A logical state model of reentrant ventricular activation

Abstract

The ventricular surface of the heart was modeled as two-dimensional, 4096 element, network of cells connected logically to each other. An ischemic area was represented by a central core of prolonged refractoriness, distributed into eccentrically-layered elliptical contours such that refractoriness declined along varying gradients to the surrounding normal area. Propagation of cardiac action potentials was stimulated by five sequential states ranging from activation to inactivation. Reentrant activation was induced by premature stimulation of the network and resembled a "figure 8" type reentry seen experimentally. Activation patterns of reentry appeared as two propagation wavefronts which traveled around the ends of a continuous line of functional conduction block, merged into a single wavefront, then conducted slowly along a retrograde path to reactivate a region proximal to the block. Reentry could be prevented by modifying the distribution of recovery of excitability through stimulation at two strategically located sites during basic rhythm. Prevention occurred when the second site was situated in an area of prolonged refractoriness, just distal to the line of block.

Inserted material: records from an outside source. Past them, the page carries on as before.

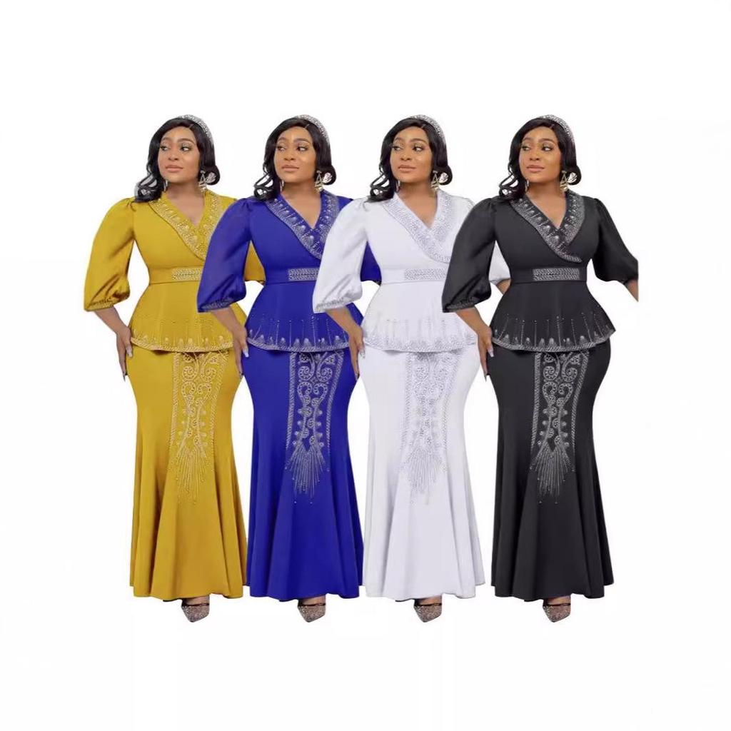 Experience effortless elegance with this chic two-piece dress set, featuring a sleek top and a stylish skirt. Designed with European and American flair, this ensemble is perfect for plus-size women's fashion. Crafted from lightweight chiffon, the set offers a comfortable fit while exuding sophistication and grace. Ideal for any occasion, this outfit combines comfort and contemporary style, making it a must-have addition to your wardrobe.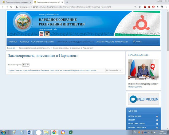 Кстати, направляя заключение он указал и на тот факт, что в нарушении норм действующего законодательства, на сайте Народного собрания Республики Ингушетия, указанный законопроект не был опубликован. Кроме того, последний законопроект, опубликованный в разделе «Законопроекты, внесенные в Парламент» сайта, был опубликован в ноябре 2019 года, что ограничивает доступ населения республики к информации о деятельности Законодательного органа – Народного Собрания Республики Ингушетии.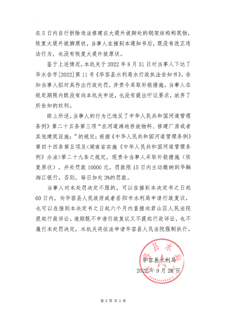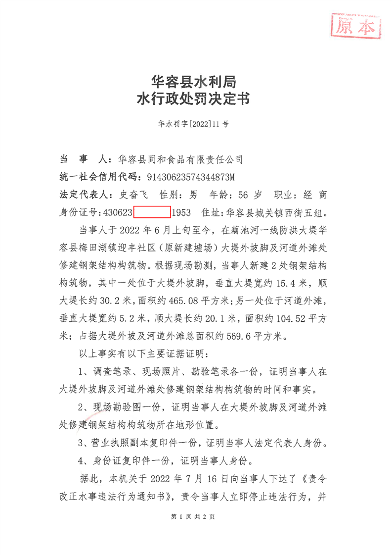 华容县同和食品有限责任公司违法修建钢架结构构筑物案
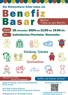 Unter dem Motto „Teilen so wie Martin“ findet am 10.11.2024 von 11-14 Uhr zum dritten Mal ein Benefizbasar mit Kuchenverkauf im katholischen Pfarrheim in Winnweiler statt. Auch in diesem Jahr wird die Aktion gemeinsam von Eltern der drei Winnweilerer Kitas und weiteren Freiwilligen organisiert und durchgeführt.

These simulations indicate that reentrant activation is characterized by the formation of long lines of conduction block which occur along a border of steeply graded refractoriness, and retrograde slow conduction which occurs along a more shallow refractory gradient. The occurrence of reentry is dependent on: 1) the coupling interval of the premature stimulus, 2) the location of the stimulus relative to the maximum refractory gradient, and 3) the activation sequence of the basic paced beats. Thus, this paper presents an efficient logical state model of cardiac activation which simulates experimentally observed activation patterns of reentry and its prevention.